Mercoledì 18 gira ovunque il video virale degli studenti delle scuola secondaria superiore che sbeffeggiano e umiliano un por crist di professore 64enne che a nulla si ribella se non alla tentata (e fallita) sottrazione del suo tablet, magari inteso come registro. L’episodio viene immediatamente protocollato nella già ben nota categoria “bullismo”, e perciò arcignamente stigmatizzato da tutti. Basta, non deve più accadere, una volta non era così, tutta colpa del ’68, si prendono troppe libertà, è ora di finirla, disciplina ci vuole, rispetto dell’autorità, sanzioni severe ai reprobi, aumento in busta paga agli insegnanti a tutela della loro dignità. Regole. Le regole! Certo, scorrettezze, violenze e soprusi vanno sanzionati; il rispetto degli altri, forti o deboli che siano, va inculcato. Ma come e da chi, in una società che esalta i (pre)potenti e scarta i perdenti? Il vero problema che ci viene sbattuto sul muso è l’emergenza educativa (come sottolineato da osservatori attenti, come ad esempio Antonio Polito in un editoriale sul Corriere della Sera. E la strada, abbiamo già scritto su queste pagine, è quella di un’alleanza educativa genitori-insegnanti-ragazzi. Non c’è educazione senza autorità, autorevolezza reale (auctoritas, colui che fa aumentare, crescere). L’autorità va certamente protetta e tutelata, ma non si crea per legge né, oggi soprattutto, per ruolo (quando si dice infallibile ex-cathedra non s’intende la scrivania su predella del docente). Si mette in gioco, e si rischia, sul campo.

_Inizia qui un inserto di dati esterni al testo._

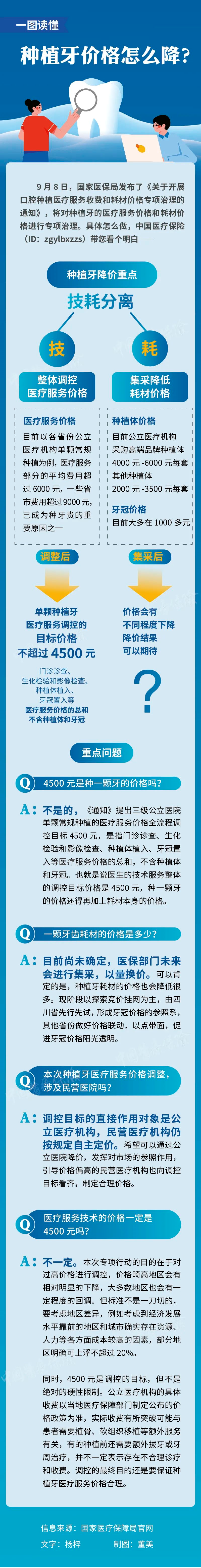 對于廣大患者關(guān)注的事,以后種一顆牙要花多少錢,需要綜合考慮醫(yī)療服務(wù)價格和耗材價格兩方面。根據(jù)醫(yī)保局今年發(fā)布的《關(guān)于開展口腔種植醫(yī)療服務(wù)收費和耗材價格專項治理的通知》,每顆種植牙的醫(yī)療服務(wù)費用調(diào)控目標(biāo)在4500元。當(dāng)然4500元的價格并不是“一刀切”的標(biāo)準(zhǔn),根據(jù)醫(yī)療服務(wù)的難度和各地的情況可能會有所不同。因此,患者種一顆牙到底降價多少,需要等待種植牙耗材集采結(jié)果出爐,兩相結(jié)合得出答案。

Giovedì 19 si diffonde da Brescia la notizia che Sanaa Cheema, una 25enne di famiglia pakistana, un lavoro, amici, forse un amore, e una vita come le sue coetanee italiane, sarebbe stata uccisa da papà e fratello perché non accettava un matrimonio combinato secondo una vecchia usanza, oggi messa fuori legge anche in Pakistan, ma non per questo cancellata. Siamo di fronte a una barbarie insopportabile. Qui l’autorità c’è eccome: il padre-padrone. Gli usi costumi e valori tradizionali, pure: regole, inviolabili, a costo della vita di una figlia e di una sorella (chi ci crede alla versione dell’infarto o del malore?) A Lucca, difetto di autorità. A Brescia/Pakistan, eccesso. A Lucca troppa (malintesa) libertà che cancella l’autorità. A Brescia/Pakistan l’autorità che cancella, non concepisce neanche, la libertà, l’esigenza del cuore di Sanaa di una strada in cui cercare il proprio compimento e al propria realizzazione.

Cosa c’entra il papa? C’entra perché con il gesto di Corviale mostra che l’incontro tra autorità e libertà è possibile in un abbraccio, una unità in cui entrambi i “poli” sussistono senza che l’uno assorba o annulli l’altro. E’ nella tensione tra essi, come tra due elettrodi, l’arco dell’energia della vita. Come, supremamente, tra Grazia e libertà. Così è tutta la sua concezione della realtà, un pensiero maturato attraverso una formazione teologica e filosofica di prim’ordine, alla scuola dei più grandi pensatori cristiani europei e latinoamericani (come ha ben mostrato il recente lavoro di Massimo Borghesi, Jorge Mario Bergoglio, una biografia intellettuale). La dimensione intellettuale è inscindibilmente unita, nella personalità del pontefice, con quella mistica e quella pastorale. Egli compie i gesti che vediamo e parla il linguaggio della semplicità perché gli interessa andare dritto al cuore delle persone. Errore grave pensare che si tratti di gesti emozionali o buonisti, senza valore culturale. Tutt’al contrario. La sua è una concezione (assai cristiana!) che non fa fuori B per affermare A, ma getta ponti e apre percorsi. Per i bulletti, i prof por crist, le ragazze islamiche desiderose di libertà, i loro padri che non conoscono la Bellezza disarmata di Cristo.

Qualcuno ha in mente un’alternativa migliore?